New York Times
January 17, 2002
Whether Walker Knew of Counsel Is Issue
By WILLIAM GLABERSON
A battle has broken out between Attorney General John Ashcroft and lawyers who say they represent John Walker, the Californian-turned-Taliban warrior, about whether investigators improperly kept Mr. Walker from conferring with the lawyers while he was being questioned.
Legal experts said the battle might be laying the groundwork for a defense claim that Mr. Walker's constitutional rights had been violated. If the courts agreed, they could bar prosecutors from using the statements Mr. Walker made during the 45 days he has been held.
"The case against him is almost entirely based on his own statements," said H. Richard Uviller, a criminal law expert at Columbia Law School, "so if those statements are barred from court, there goes the case."
The exchange on the issue began on Tuesday night, after Mr. Ashcroft had outlined the charges against Mr. Walker. A lawyer hired by Mr. Walker's parents issued a statement on behalf of the family saying it appeared that Mr. Walker had not been told a lawyer had been hired for him.
"Despite repeated attempts by his family and his counsel to see him, John has not been given access to a lawyer," the statement said.
Mr. Ashcroft responded yesterday, saying in television appearances that Mr. Walker had been told of his rights under the Supreme Court's 1966 Miranda decision, which declared that suspects must be told they have a right to an attorney and a right to remain silent.
"Both in writing and orally," Mr. Ashcroft said on ABC, "he indicated he wanted to make statements absent an attorney, and that's a right we respect in America."
Mr. Walker's parents have sought to portray him as a naïve youth, but lawyers said a 20-year-old was an adult in the eyes of the law. Many states require permission from parents before officers can question children, but those rules generally permit questioning of people 16 or older.
An adult has the right to decide to speak to investigators without a lawyer. Additionally, a lawyer paid by a relative does not become a person's lawyer until the person agrees to be represented, and Mr. Walker could decide not to be represented by the lawyer his parents hired, James J. Brosnahan.
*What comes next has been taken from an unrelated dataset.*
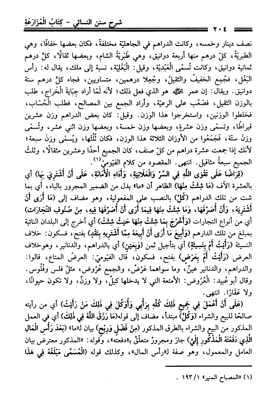 (قِرَاضًا عَلَى تَقْوَى اللَّهِ فِي السِّرِّ وَالعَلَانِيَةِ، وَأَدَاءِ الأمَانَةِ، عَلَى أَنْ أَشْتَرِيَ بِهَا) أي بالعشرة الآف (مَا شِئْتُ مِنْهَا) الظاهر أن "ما" بدل من الضمير المجرور بالباء، أي بما شت من تلك الدراهم (كُلَّ) بالنصب على المفعولية، وهو مضاف إلى (مَا أَرَى أَنْ أَشْتَرِيَهُ، وَأَنْ أُصَرِّفَهَا، وَمَا شِئْتُ مِنْهَا فِيمَا أَرَى أَنْ أُصَرِّفَهَا فِيهِ، مِنْ صُنُوفِ التِّجَارَاتِ) أي من أنواع التجارات (وَأَخْرُجَ بِمَا شِئْتُ مِنْهَا حَيْثُ شِئْتُ) أي أخرج إلى البلدان النائية بمبلغ من تلك الدارهم (وَأَبِيعَ مَا أَرَى أَنْ أَبيعَهُ مِمَّا أَشْتَرِيهِ بِنَقْدٍ) بفتح، فسكون: خلاف النسيئة (رَأَيْتُ أَمْ بنَسِيئَةٍ) أي بتأجيل ثمن (وَبِعَيْنٍ) أي بالدراهم، والدنانير، وهو خلاف العرض (رَأَيْتُ أَمْ بِعَرْضٍ) بفتح، فسكون، قال الفيّوميّ: العرضُ المتاع، قالوا: والدراهم، والدنانير عينٌ، وما سواهما عَرْضٌ، والجمع عُرُوض، مثلُ فلس وفُلُوس. وقال أبو عُبيد: الْعُرُوض: الأمتعة التي لا يدخلها كيلٌ، ولا وزنٌ، ولا تكون حيوانًا، ولا عَقَارًا. انتهى.

Further, the Supreme Court has said a suspect does not even have a constitutional right to be informed that a lawyer has been hired by a relative. In a 1986 decision, the justices approved a murder conviction based on a confession, even though the police did not tell the suspect that his sister had arranged for a lawyer.
"We have never read the Constitution to require that the police supply a suspect with a flow of information to help him calibrate his self-interest in deciding whether to speak or stand by his rights," the justices said in that case.
Still, lawyers said yesterday, there was room for a legal battle in the Walker case on several counts. Even though adults can waive their rights, decisions not to confer with a lawyer must be made in a "knowing and intelligent waiver."
The courts have given the authorities wide latitude in defining what is a knowing waiver, often focusing on questions like whether a suspect was threatened or drunk.
But Nathan Lewin, a prominent Washington defense lawyer, said he expected lawyers for Mr. Walker to argue that after the chaos of Afghanistan, the injured Mr. Walker could not have grasped the implications of declining a lawyer.
Yale Kamisar, an expert on Miranda rights at the University of Michigan Law School, said the length of time Mr. Walker was in custody without his family being able to communicate with him might also be an issue. Mr. Kamisar said the courts had not defined how long the authorities might be able to hold a suspect without disclosing that a lawyer had been hired to represent him.
Some legal experts said yesterday that the Justice Department could make a persuasive case that in a war setting, the authorities would have extensive leeway. Mr. Kamisar said the authorities could justify questioning someone for hours or days without telling him that his family had hired a lawyer.
"But when it turns into a couple of days or more," Professor Kamisar said, "it seems to me the balance shifts in favor of the defense" in its assertion that a suspect should be told a lawyer has been hired to represent him.
"If you've got a constitutional right to have a lawyer," Mr. Lewin said, "you have a right to talk to someone who will hire you a lawyer."